- _Instructions for the task_
Retype the material that follows exactly, limited to the lines from the one with "Le terrain est" through the one with "Ministro de la", and keep out all pictures.

- _Entries supplied_
┌──

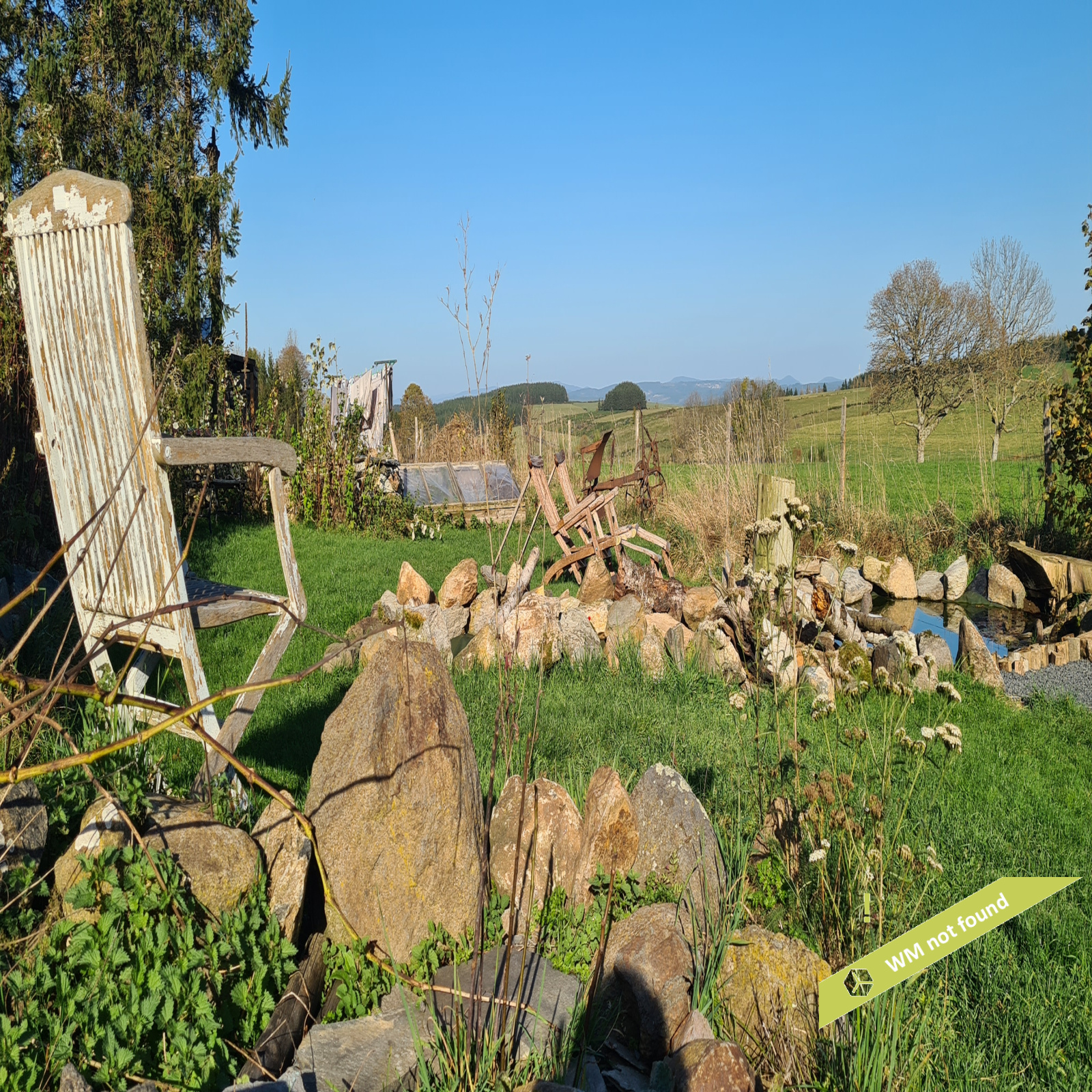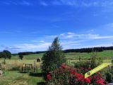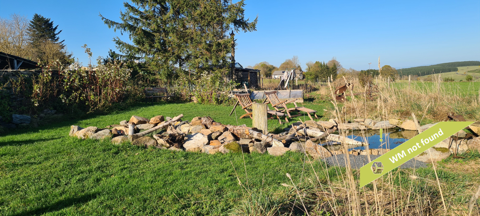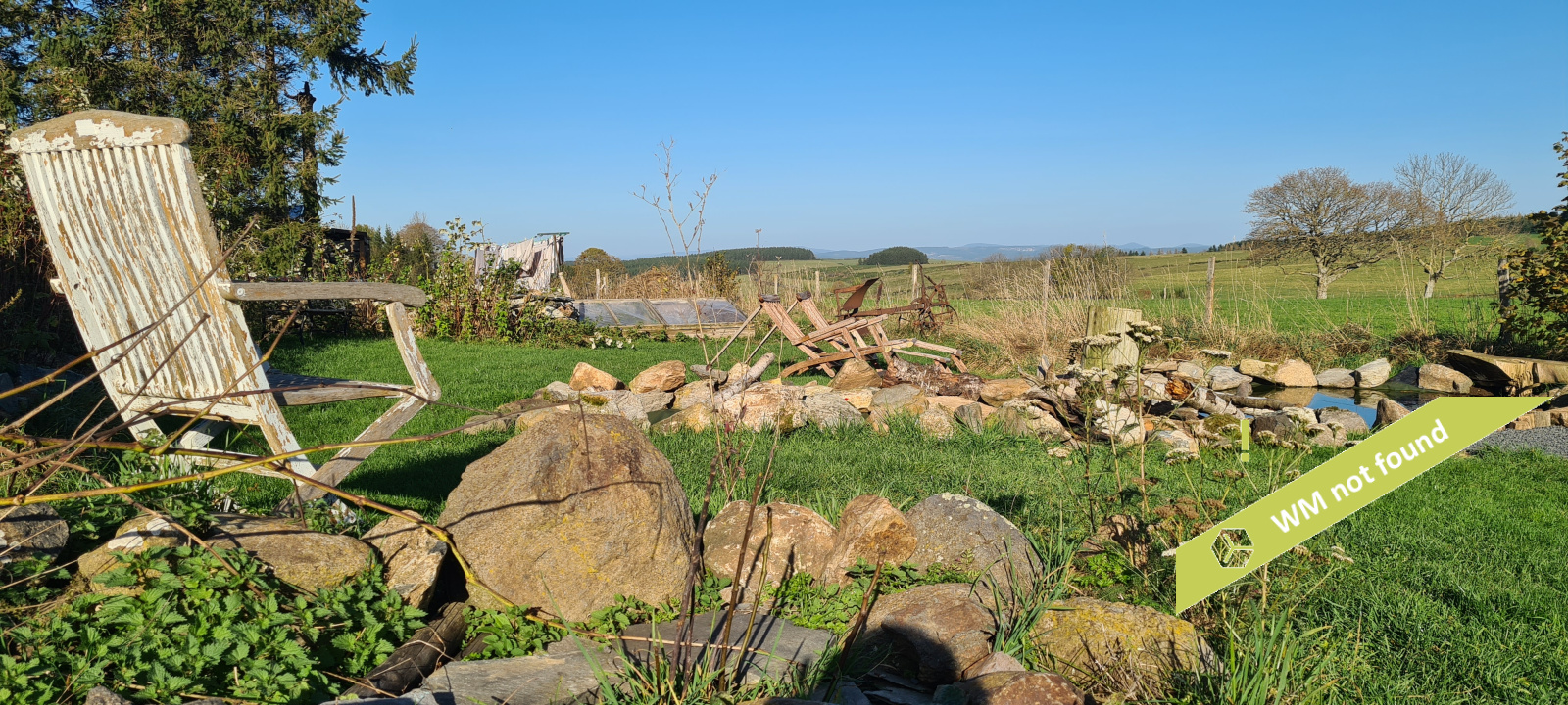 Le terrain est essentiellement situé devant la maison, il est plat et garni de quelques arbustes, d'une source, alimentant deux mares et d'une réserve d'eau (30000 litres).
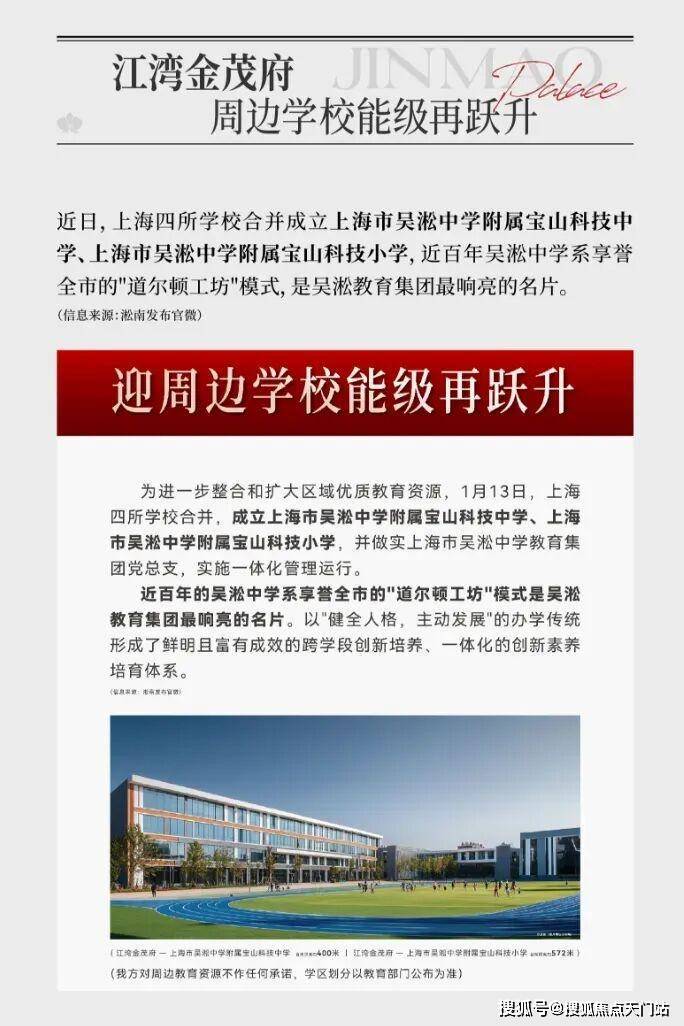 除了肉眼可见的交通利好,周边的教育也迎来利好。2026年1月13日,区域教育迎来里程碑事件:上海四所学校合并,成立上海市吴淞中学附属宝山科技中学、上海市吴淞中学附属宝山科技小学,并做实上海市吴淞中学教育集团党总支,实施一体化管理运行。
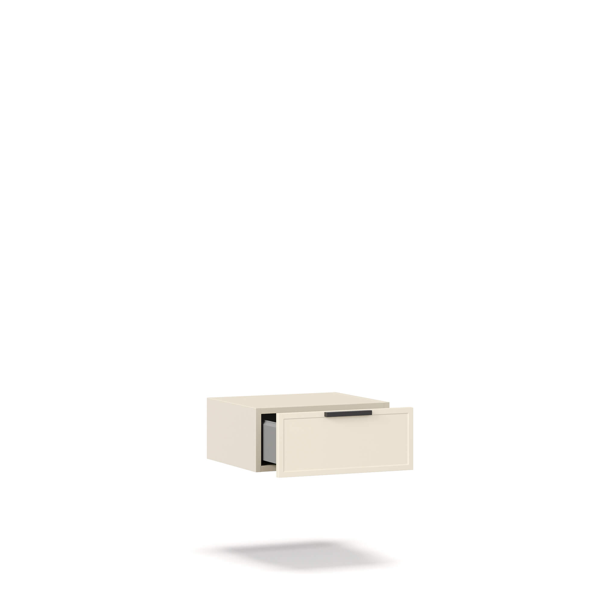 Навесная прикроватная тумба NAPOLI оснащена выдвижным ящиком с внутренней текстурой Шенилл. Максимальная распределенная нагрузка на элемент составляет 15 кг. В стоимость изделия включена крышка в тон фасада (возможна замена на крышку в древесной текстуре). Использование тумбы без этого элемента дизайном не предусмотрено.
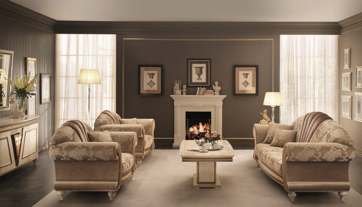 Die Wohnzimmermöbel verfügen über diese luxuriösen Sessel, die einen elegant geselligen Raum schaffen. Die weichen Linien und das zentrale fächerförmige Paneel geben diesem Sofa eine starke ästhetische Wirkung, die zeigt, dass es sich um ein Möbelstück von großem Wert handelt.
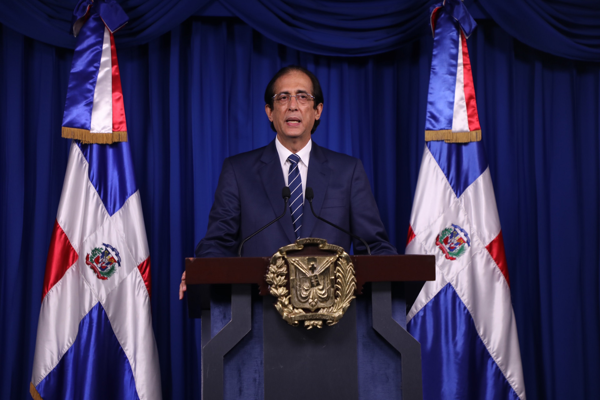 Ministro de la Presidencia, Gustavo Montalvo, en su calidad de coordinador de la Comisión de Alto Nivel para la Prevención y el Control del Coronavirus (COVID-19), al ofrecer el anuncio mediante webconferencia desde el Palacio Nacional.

└──
┌──

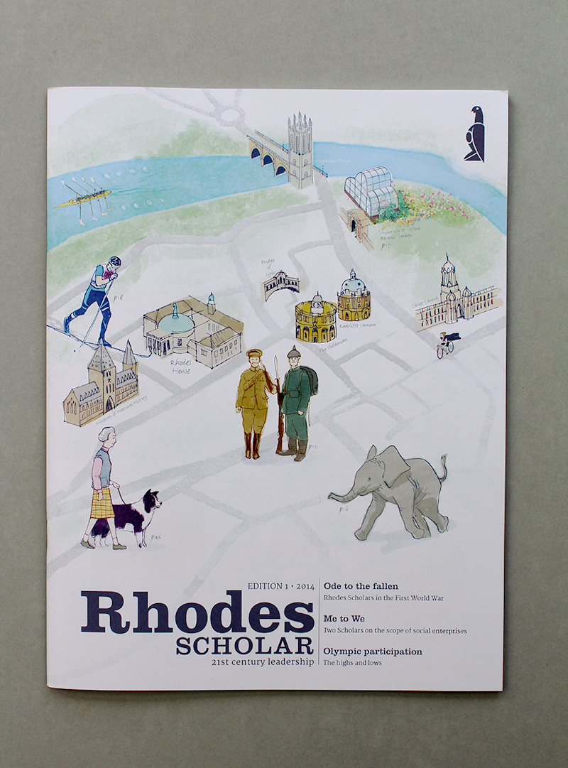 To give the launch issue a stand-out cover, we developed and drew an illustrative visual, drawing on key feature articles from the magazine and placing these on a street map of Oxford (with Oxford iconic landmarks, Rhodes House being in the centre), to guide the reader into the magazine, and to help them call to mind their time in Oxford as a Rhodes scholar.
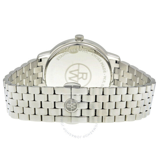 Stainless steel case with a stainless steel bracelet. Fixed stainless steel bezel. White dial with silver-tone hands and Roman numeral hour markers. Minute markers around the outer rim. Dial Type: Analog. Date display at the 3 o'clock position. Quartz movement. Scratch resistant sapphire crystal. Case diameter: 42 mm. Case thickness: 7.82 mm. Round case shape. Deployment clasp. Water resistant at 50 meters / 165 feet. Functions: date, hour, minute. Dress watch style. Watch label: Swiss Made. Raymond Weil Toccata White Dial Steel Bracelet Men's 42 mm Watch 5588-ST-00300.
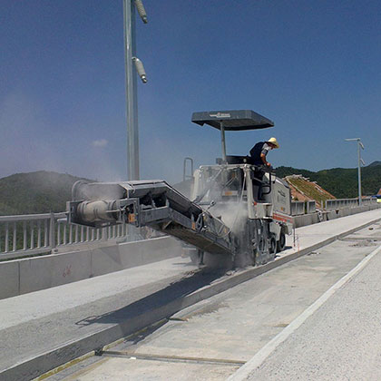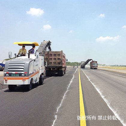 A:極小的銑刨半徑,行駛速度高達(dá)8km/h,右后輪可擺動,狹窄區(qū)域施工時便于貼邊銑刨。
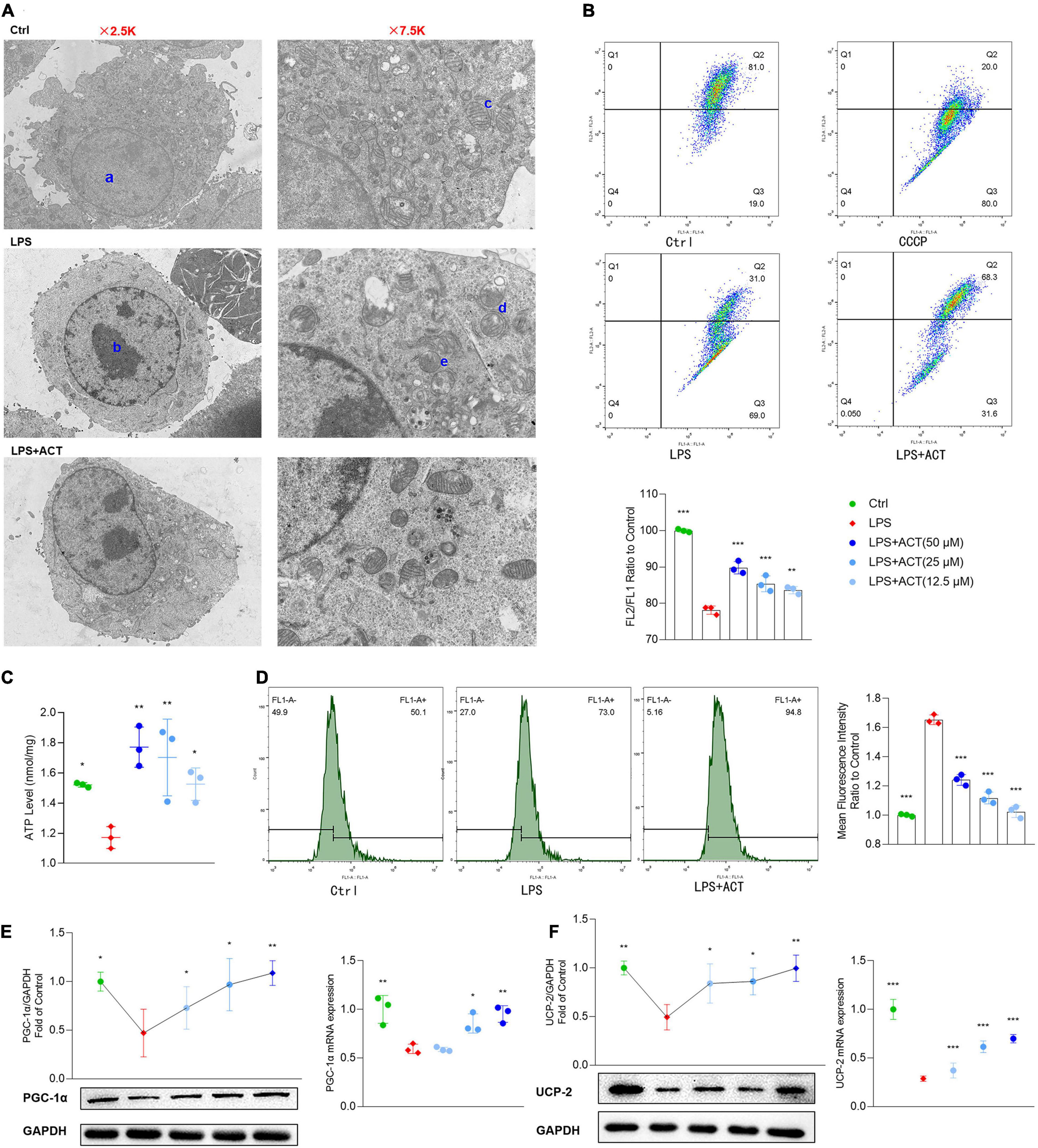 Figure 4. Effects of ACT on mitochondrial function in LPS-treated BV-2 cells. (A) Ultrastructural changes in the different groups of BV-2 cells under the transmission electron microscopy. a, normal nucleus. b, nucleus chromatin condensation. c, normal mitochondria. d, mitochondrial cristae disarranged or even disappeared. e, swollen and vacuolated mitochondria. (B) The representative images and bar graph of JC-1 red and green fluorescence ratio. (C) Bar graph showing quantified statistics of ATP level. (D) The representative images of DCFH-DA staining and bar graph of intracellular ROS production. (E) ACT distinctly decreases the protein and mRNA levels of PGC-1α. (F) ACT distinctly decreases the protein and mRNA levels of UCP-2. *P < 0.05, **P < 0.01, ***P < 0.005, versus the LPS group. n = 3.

└──

- _Expected answer_
 Le terrain est essentiellement situé devant la maison, il est plat et garni de quelques arbustes, d'une source, alimentant deux mares et d'une réserve d'eau (30000 litres).
 除了肉眼可见的交通利好,周边的教育也迎来利好。2026年1月13日,区域教育迎来里程碑事件:上海四所学校合并,成立上海市吴淞中学附属宝山科技中学、上海市吴淞中学附属宝山科技小学,并做实上海市吴淞中学教育集团党总支,实施一体化管理运行。
 Навесная прикроватная тумба NAPOLI оснащена выдвижным ящиком с внутренней текстурой Шенилл. Максимальная распределенная нагрузка на элемент составляет 15 кг. В стоимость изделия включена крышка в тон фасада (возможна замена на крышку в древесной текстуре). Использование тумбы без этого элемента дизайном не предусмотрено.
 Die Wohnzimmermöbel verfügen über diese luxuriösen Sessel, die einen elegant geselligen Raum schaffen. Die weichen Linien und das zentrale fächerförmige Paneel geben diesem Sofa eine starke ästhetische Wirkung, die zeigt, dass es sich um ein Möbelstück von großem Wert handelt.
 Ministro de la Presidencia, Gustavo Montalvo, en su calidad de coordinador de la Comisión de Alto Nivel para la Prevención y el Control del Coronavirus (COVID-19), al ofrecer el anuncio mediante webconferencia desde el Palacio Nacional.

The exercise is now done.